--- START ---

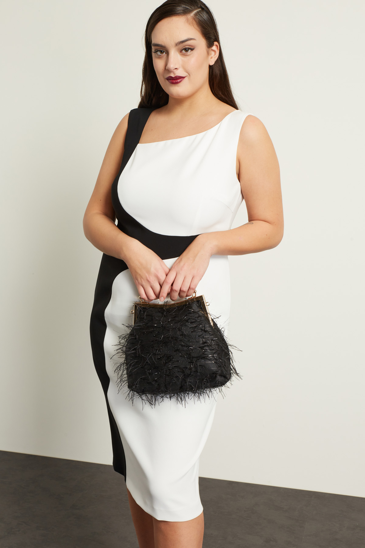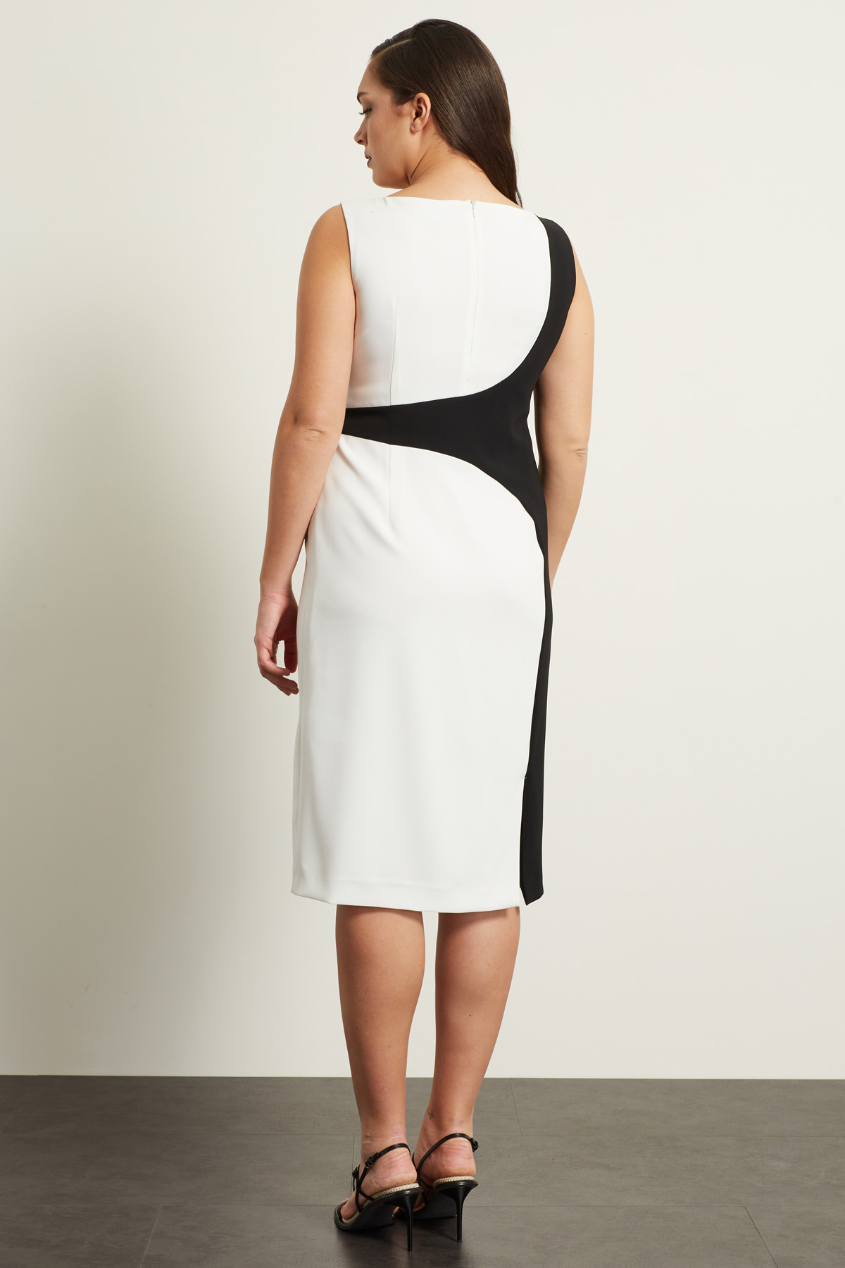 Tubino dalla linea sfiancata realizzato in cady con motivo a contrasto, scollo asimmetrico con spalline spesse e taglio laterale nel retro. Allacciatura tramite zip invisibile nel fianco. Foderato.
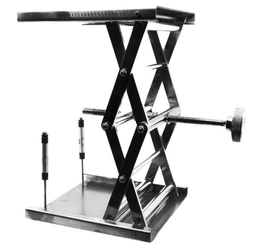 - EXTENDABLE || Adjustable lab jack with stainless steel molded handle and hole for fine threaded adjustment rod - Easy, fluid, pressure-supported movement of platform with and without load for precise height adjustments
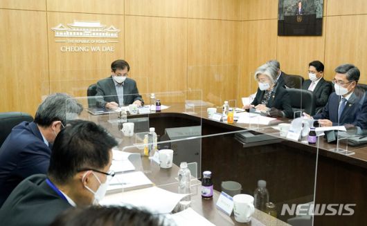 [서울=뉴시스] 서훈 국가안보실장이 진ㄴ해 11월5일 국가위기관리센터 소회의실에서 열린 국가안전보장회의(NSC) 상임위원회 회의를 주재하고 있다. (사진=청와대 제공) 2020.11.05. photo@newsis.com |
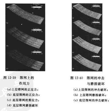 振動篩篩分的DEM仿真結(jié)果可以用于分析顆粒群再篩網(wǎng)上的松散度、振動強(qiáng)度、料層厚度、篩孔孔徑和篩面傾角等參數(shù)對分離粒度及篩分效率的影響及相互作用。顆粒群再篩網(wǎng)上的流動平衡、顆粒對篩網(wǎng)的沖擊速度計施加在篩網(wǎng)上的載荷也能通過DEM仿真結(jié)果獲得,從而確定篩網(wǎng)所受的應(yīng)力、篩網(wǎng)的磨損及篩分裝置的功率、圖12-39和圖12-40分別為Yuan等人通過DEM仿真獲得的篩網(wǎng)上的作用力圖和篩網(wǎng)的沖擊與磨損破壞圖。
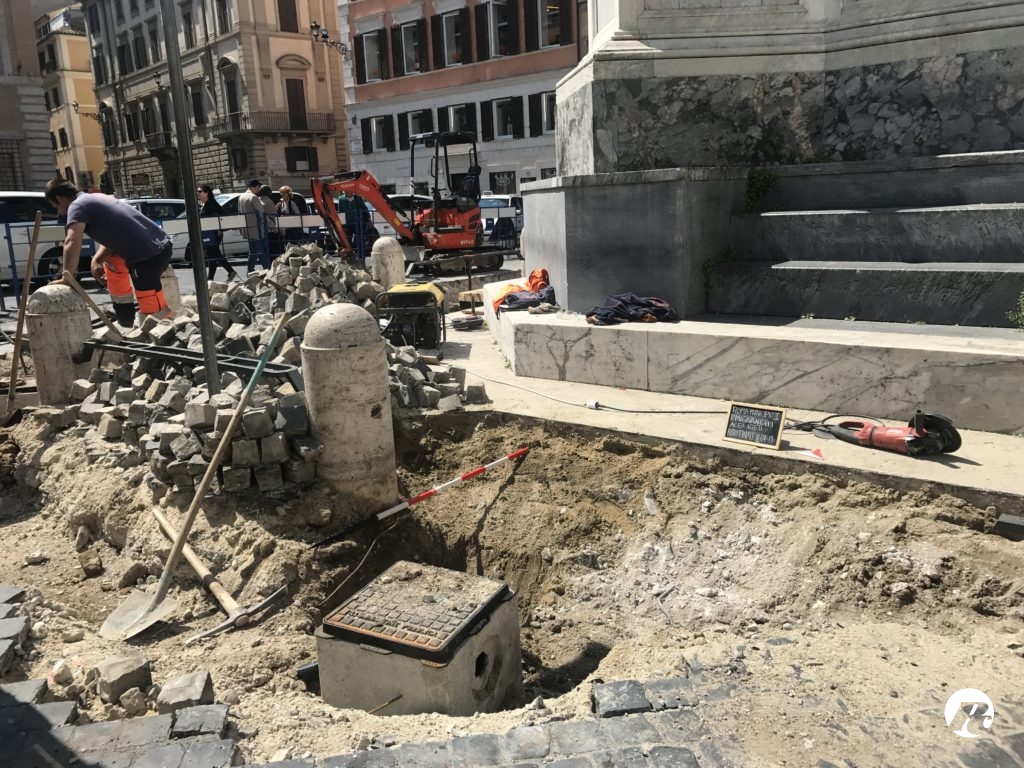 Per illuminare la colonna con l'Immacolata Concezione Acea stravolge p.zza Mignanelli intralciando il passaggio degli innumerevoli turisti e dei cittadini

--- END ---

__Work to complete__
Repeat the records above exactly, from the first line through the line containing "- EXTENDABLE ||", and leave out the pictures.

__Answer section__
 Tubino dalla linea sfiancata realizzato in cady con motivo a contrasto, scollo asimmetrico con spalline spesse e taglio laterale nel retro. Allacciatura tramite zip invisibile nel fianco. Foderato.
 - EXTENDABLE || Adjustable lab jack with stainless steel molded handle and hole for fine threaded adjustment rod - Easy, fluid, pressure-supported movement of platform with and without load for precise height adjustments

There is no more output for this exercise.